→ **PROMPT**:
From start to end, write out the following data exactly, apart from its images.

→ **RECORDED INFORMATION**:

--------------------------------------------------

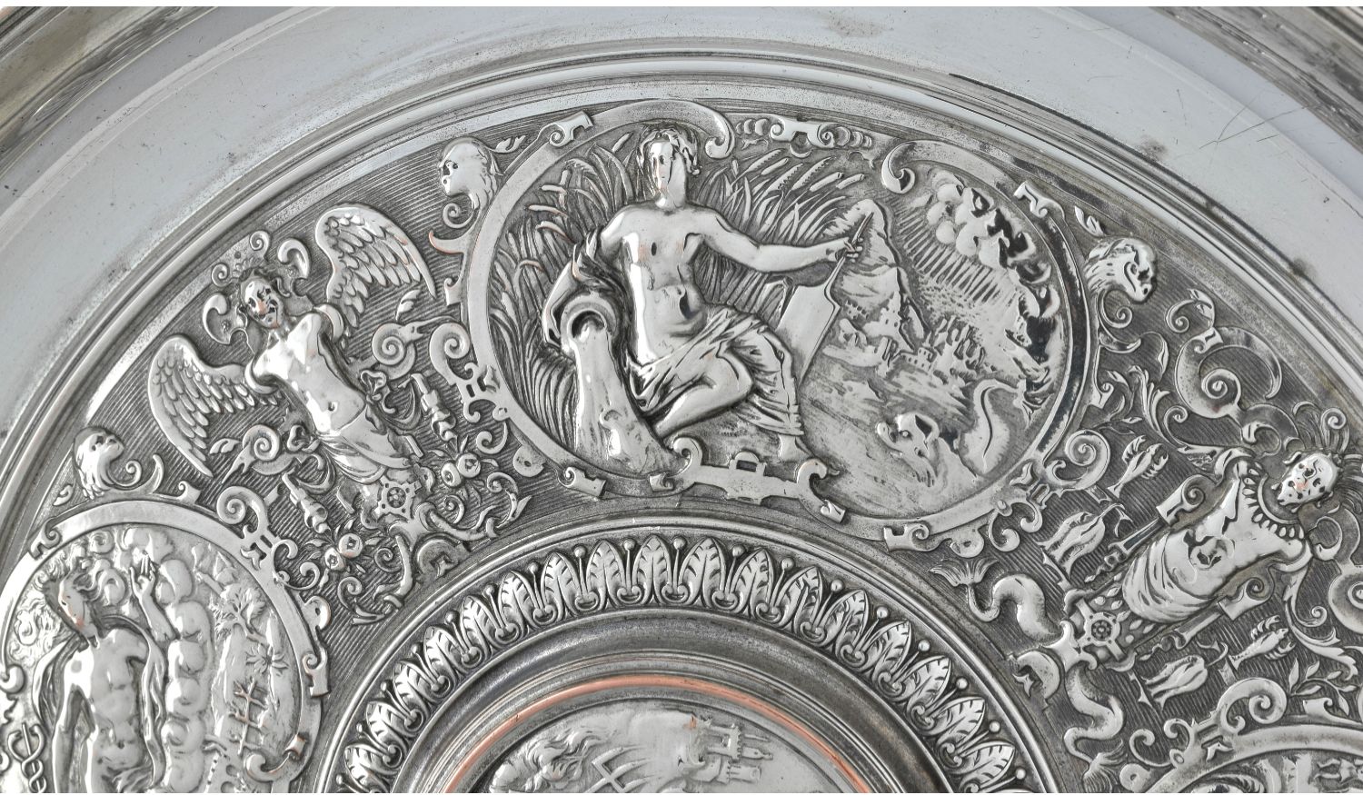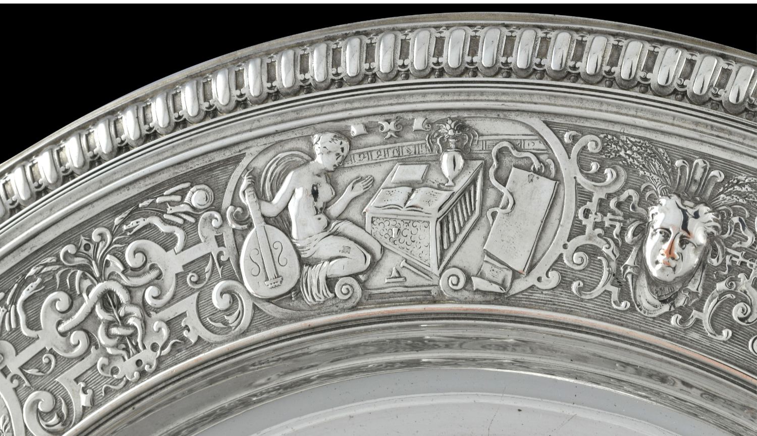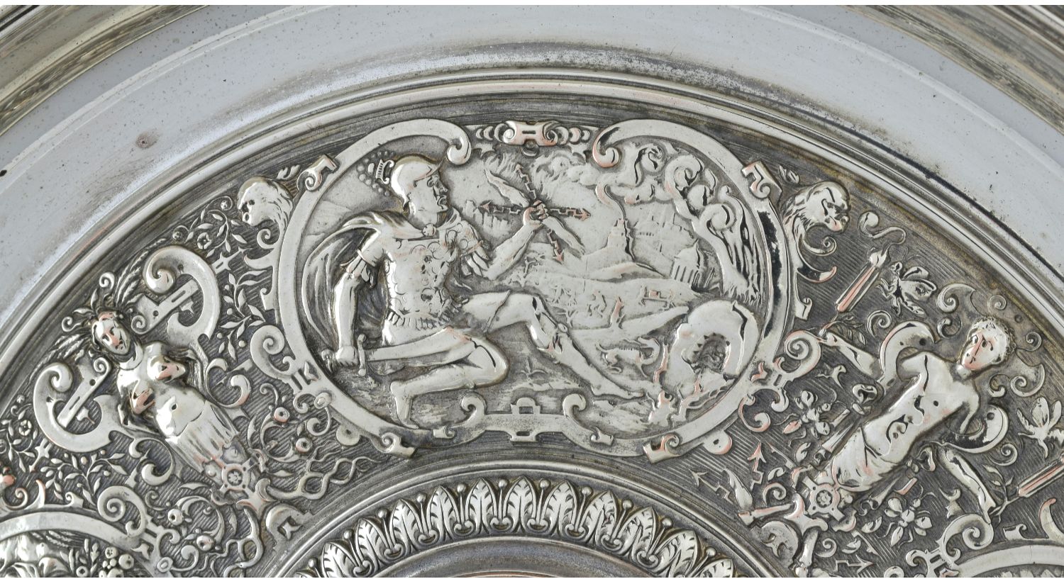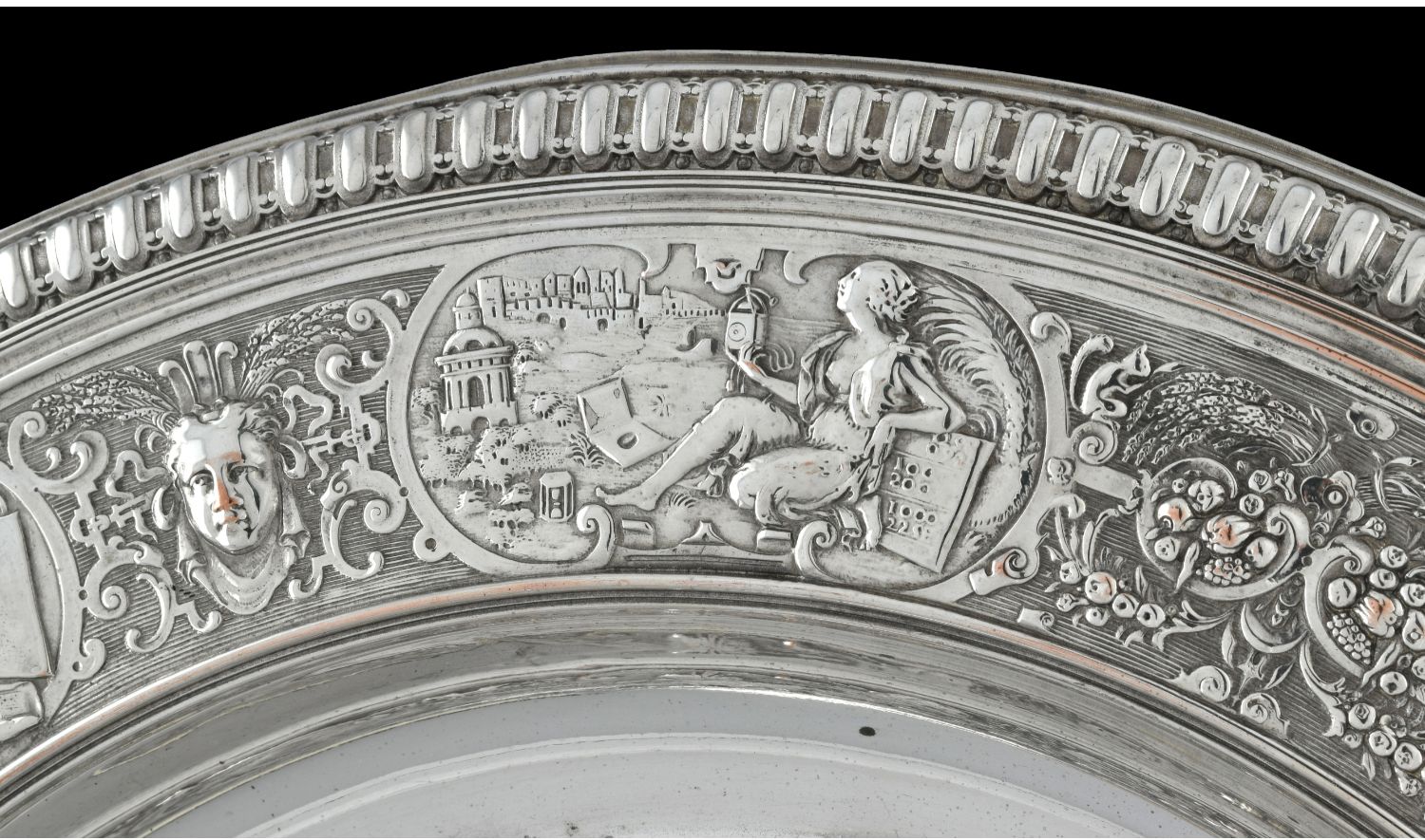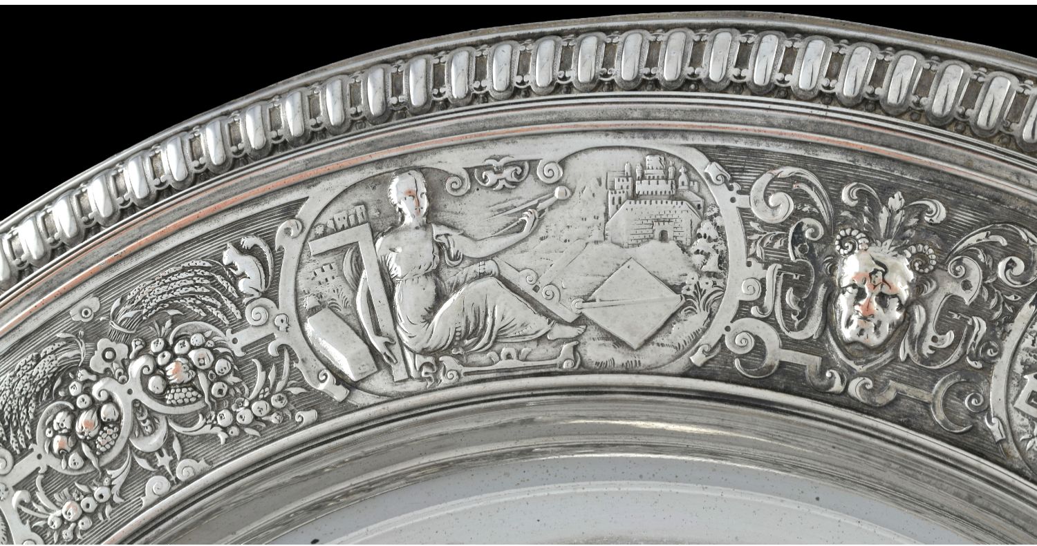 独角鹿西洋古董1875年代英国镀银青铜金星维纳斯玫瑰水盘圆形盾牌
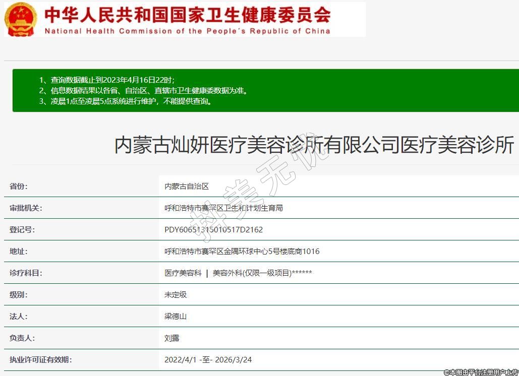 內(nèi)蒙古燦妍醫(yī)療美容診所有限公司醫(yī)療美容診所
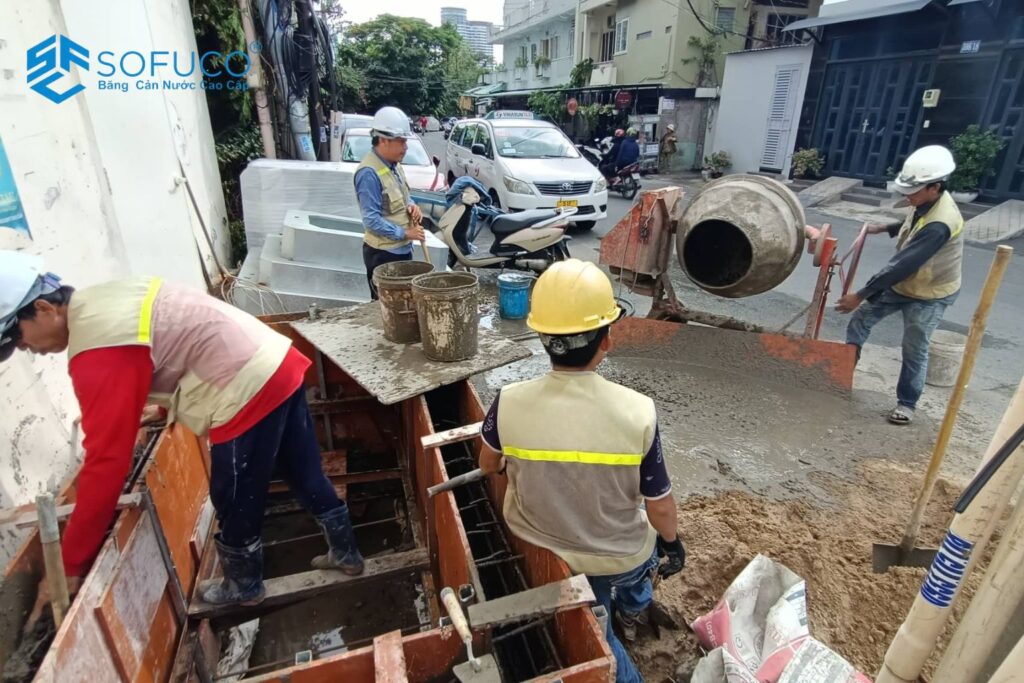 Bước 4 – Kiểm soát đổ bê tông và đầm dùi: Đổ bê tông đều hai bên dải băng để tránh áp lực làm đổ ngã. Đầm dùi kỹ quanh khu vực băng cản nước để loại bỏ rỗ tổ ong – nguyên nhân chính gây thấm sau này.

--------------------------------------------------

→ **THE COMPLETED TASK**:
 独角鹿西洋古董1875年代英国镀银青铜金星维纳斯玫瑰水盘圆形盾牌
 內(nèi)蒙古燦妍醫(yī)療美容診所有限公司醫(yī)療美容診所
 Bước 4 – Kiểm soát đổ bê tông và đầm dùi: Đổ bê tông đều hai bên dải băng để tránh áp lực làm đổ ngã. Đầm dùi kỹ quanh khu vực băng cản nước để loại bỏ rỗ tổ ong – nguyên nhân chính gây thấm sau này.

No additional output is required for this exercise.